As shown in FIG. 1J, and by reference number 162, the DU emulator may provide data mimicking a commercial DU to identify interoperability issues between the RU and the commercial DU. For example, to test interoperability of the RU with various DUs, the DU emulator may generate the data mimicking a commercial DU, and may provide, to the RU, the data mimicking the commercial DU. This may enable the DU emulator to identify interoperability issues between the RU and the commercial DU, such as issues associated with configuration of a fronthaul interface provided between the RU and a commercial DU. The data mimicking the commercial DU may include data identifying demodulation models, various CUSM plane options, interoperability test profiles which may have an impact on RU performance, synchronized clock performance, compression/decompression models, and/or the like.
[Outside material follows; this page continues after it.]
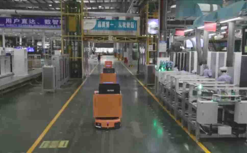 为车载冰箱物流配送打造的智能解决方案,,,包含产中物流通过潜伏举升AMR搬运至线边,,,产后成品物流智能仓储,,,,流程包含产中物流智能齐套入库,,线边安灯叫料AMR智能配送至线边,,,成品入库、、、出库,,,,通过无人堆高车机器人,,,智能仓储管理替代人工作业管理,,,,实现更高存储、、、、更高效率、、、、更具柔性化的解决方案。。。
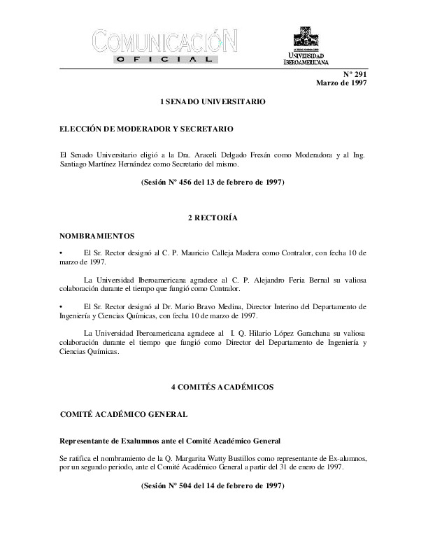 | Comunicación Oficial No. 291. 1 de marzo de 1997 | Comunicación Oficial No. 291. 1 de marzo de 1997 | | |

The data mimicking the commercial DU may be provided by a vendor of the commercial DU, identified as a pre-defined set of parameters in a standard, extracted by using an RU emulator to test the commercial DU, and/or the like.
The DU emulator may be configured to characterize the RU in conditions beyond the set of tests defined in the 3GPP specification. For example, the DU emulator may repeat performance characterization of the RU for a range of parameters (e.g., to be supported by the RU) to highlight performance issues which may have otherwise been missed. For example, the range of parameters may include supported bands, supported bandwidths, supported positions within a bandwidth, a supported range of a nominal transmission power level, supported numerologies, supported multiplexing modes, a supported quantity of component carriers and relative frequency domain positions, a supported range of receive power levels, an ability to handle near-far effect conditions or interference, a DU preferred message type and configuration for different use cases, an RU performance based on a quality of a synchronization clock, performance of different test scenarios while utilizing different compression models, different scenario performance with a different delay budget between the RU and the DU, and/or the like. In some implementations, characterization of the RU may be determined based on testing of the RU beamforming performance for a wide range of downlink and uplink signal levels, a quantity of simultaneous beams and partitioning of available power per beam based on beam weights, a sounding reference signal (SRS) measurement accuracy, an achievable throughput per user beam, and/or the like.
The way in which different commercial DUs utilize different beam groups in the RU and preferred utilization of frequency, time, or hybrid type beamforming for different use cases (e.g., for a particular RU antenna model) may also impact performance of the RU when paired with a commercial DU. In general, there may be several degrees of freedom (e.g., within which the commercial DU may operate) that can significantly impact performance of the RU and a user experience for a user of the RU and DU combination. Characterizing such interactions by mimicking a particular set of behaviors of a commercial DU supports rapid time-to-market for a particular RU and DU combination.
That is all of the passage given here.